_Your task_.
Reproduce the listing below from the line with "الخلاف السادس: في" to the line with "Retro Salto Alto", both lines included, character for character, minus any pictures.

_Data section_.

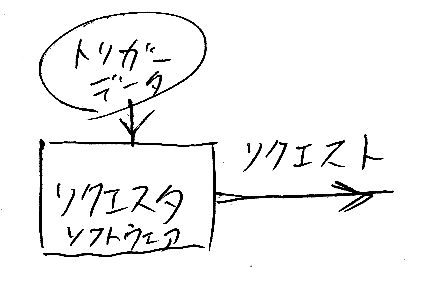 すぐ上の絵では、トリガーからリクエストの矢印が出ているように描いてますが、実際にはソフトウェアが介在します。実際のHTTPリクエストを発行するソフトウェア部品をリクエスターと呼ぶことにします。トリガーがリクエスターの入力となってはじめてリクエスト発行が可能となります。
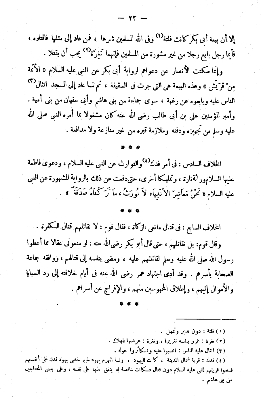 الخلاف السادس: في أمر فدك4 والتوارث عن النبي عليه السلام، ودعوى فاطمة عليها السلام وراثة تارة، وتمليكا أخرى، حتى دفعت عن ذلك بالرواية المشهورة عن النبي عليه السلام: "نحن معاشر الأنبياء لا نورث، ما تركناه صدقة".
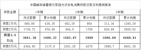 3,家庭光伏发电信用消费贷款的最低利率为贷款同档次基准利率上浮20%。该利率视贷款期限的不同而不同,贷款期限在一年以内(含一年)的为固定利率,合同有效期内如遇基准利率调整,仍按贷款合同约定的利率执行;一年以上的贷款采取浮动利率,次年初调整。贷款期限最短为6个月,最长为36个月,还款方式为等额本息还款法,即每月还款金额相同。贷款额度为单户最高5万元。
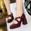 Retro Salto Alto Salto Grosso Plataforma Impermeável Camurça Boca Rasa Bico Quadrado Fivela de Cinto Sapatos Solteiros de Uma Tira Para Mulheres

* * *

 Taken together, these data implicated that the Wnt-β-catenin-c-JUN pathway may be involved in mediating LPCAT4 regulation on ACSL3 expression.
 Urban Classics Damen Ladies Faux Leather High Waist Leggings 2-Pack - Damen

_Answer box_.
 الخلاف السادس: في أمر فدك4 والتوارث عن النبي عليه السلام، ودعوى فاطمة عليها السلام وراثة تارة، وتمليكا أخرى، حتى دفعت عن ذلك بالرواية المشهورة عن النبي عليه السلام: "نحن معاشر الأنبياء لا نورث، ما تركناه صدقة".
 3,家庭光伏发电信用消费贷款的最低利率为贷款同档次基准利率上浮20%。该利率视贷款期限的不同而不同,贷款期限在一年以内(含一年)的为固定利率,合同有效期内如遇基准利率调整,仍按贷款合同约定的利率执行;一年以上的贷款采取浮动利率,次年初调整。贷款期限最短为6个月,最长为36个月,还款方式为等额本息还款法,即每月还款金额相同。贷款额度为单户最高5万元。
 Retro Salto Alto Salto Grosso Plataforma Impermeável Camurça Boca Rasa Bico Quadrado Fivela de Cinto Sapatos Solteiros de Uma Tira Para Mulheres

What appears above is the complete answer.